**GIVEN DATA**.
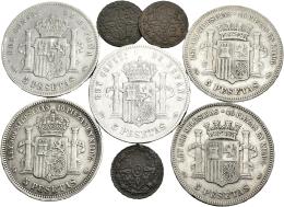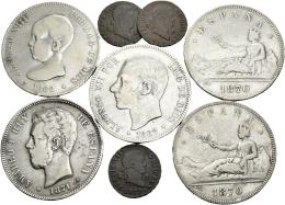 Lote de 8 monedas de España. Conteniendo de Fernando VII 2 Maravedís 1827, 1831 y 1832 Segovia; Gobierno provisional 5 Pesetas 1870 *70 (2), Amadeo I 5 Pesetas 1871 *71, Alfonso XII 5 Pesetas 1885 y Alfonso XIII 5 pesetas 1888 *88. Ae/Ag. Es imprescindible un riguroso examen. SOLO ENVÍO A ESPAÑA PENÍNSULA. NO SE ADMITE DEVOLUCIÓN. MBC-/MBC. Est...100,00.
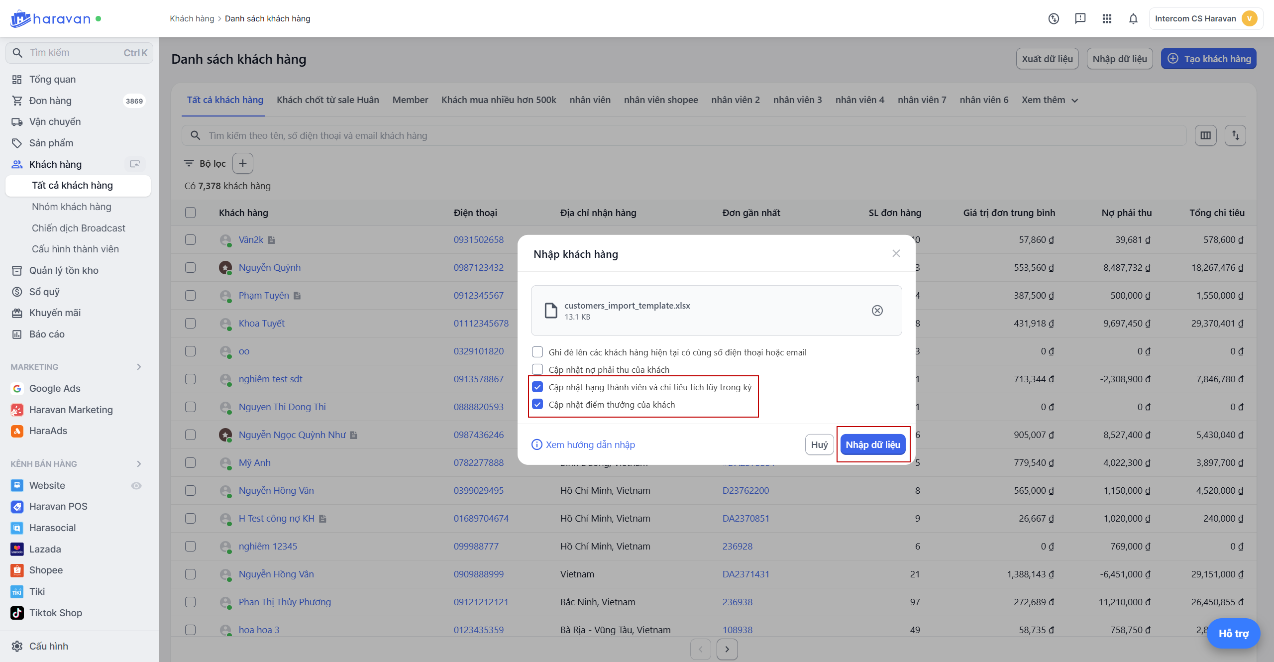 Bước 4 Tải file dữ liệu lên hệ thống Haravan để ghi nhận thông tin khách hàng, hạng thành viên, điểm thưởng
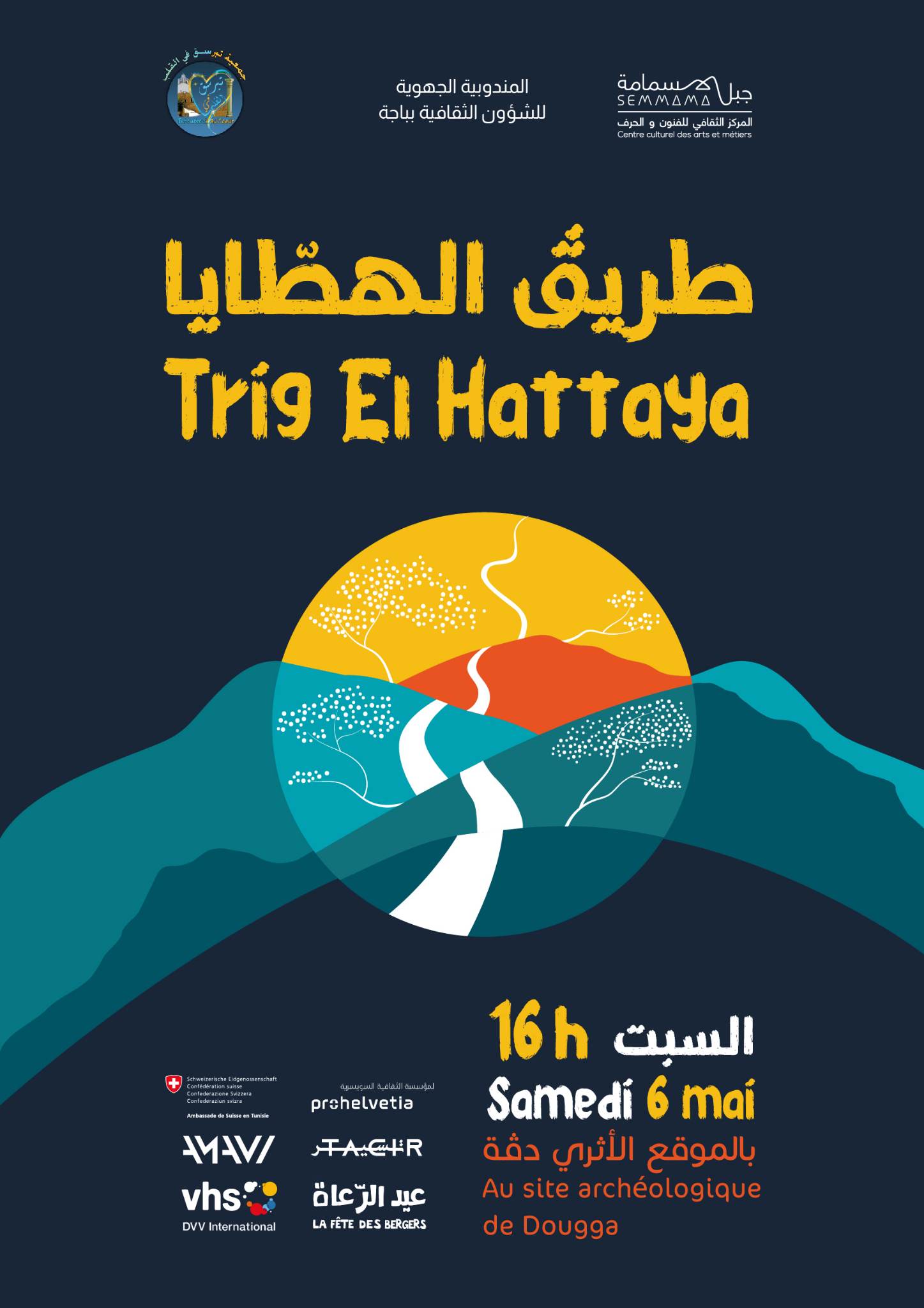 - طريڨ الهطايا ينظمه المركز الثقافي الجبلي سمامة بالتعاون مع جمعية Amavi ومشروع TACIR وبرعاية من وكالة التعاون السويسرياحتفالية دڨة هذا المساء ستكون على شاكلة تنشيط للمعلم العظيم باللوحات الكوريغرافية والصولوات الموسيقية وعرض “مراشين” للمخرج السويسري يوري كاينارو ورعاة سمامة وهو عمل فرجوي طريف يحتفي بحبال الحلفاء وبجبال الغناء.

**EXERCISE AIM**.
If the material above contains pictures, exclude them from an otherwise exact transcription.

**TASK RESULT**.
 Lote de 8 monedas de España. Conteniendo de Fernando VII 2 Maravedís 1827, 1831 y 1832 Segovia; Gobierno provisional 5 Pesetas 1870 *70 (2), Amadeo I 5 Pesetas 1871 *71, Alfonso XII 5 Pesetas 1885 y Alfonso XIII 5 pesetas 1888 *88. Ae/Ag. Es imprescindible un riguroso examen. SOLO ENVÍO A ESPAÑA PENÍNSULA. NO SE ADMITE DEVOLUCIÓN. MBC-/MBC. Est...100,00.
 Bước 4 Tải file dữ liệu lên hệ thống Haravan để ghi nhận thông tin khách hàng, hạng thành viên, điểm thưởng
 - طريڨ الهطايا ينظمه المركز الثقافي الجبلي سمامة بالتعاون مع جمعية Amavi ومشروع TACIR وبرعاية من وكالة التعاون السويسرياحتفالية دڨة هذا المساء ستكون على شاكلة تنشيط للمعلم العظيم باللوحات الكوريغرافية والصولوات الموسيقية وعرض “مراشين” للمخرج السويسري يوري كاينارو ورعاة سمامة وهو عمل فرجوي طريف يحتفي بحبال الحلفاء وبجبال الغناء.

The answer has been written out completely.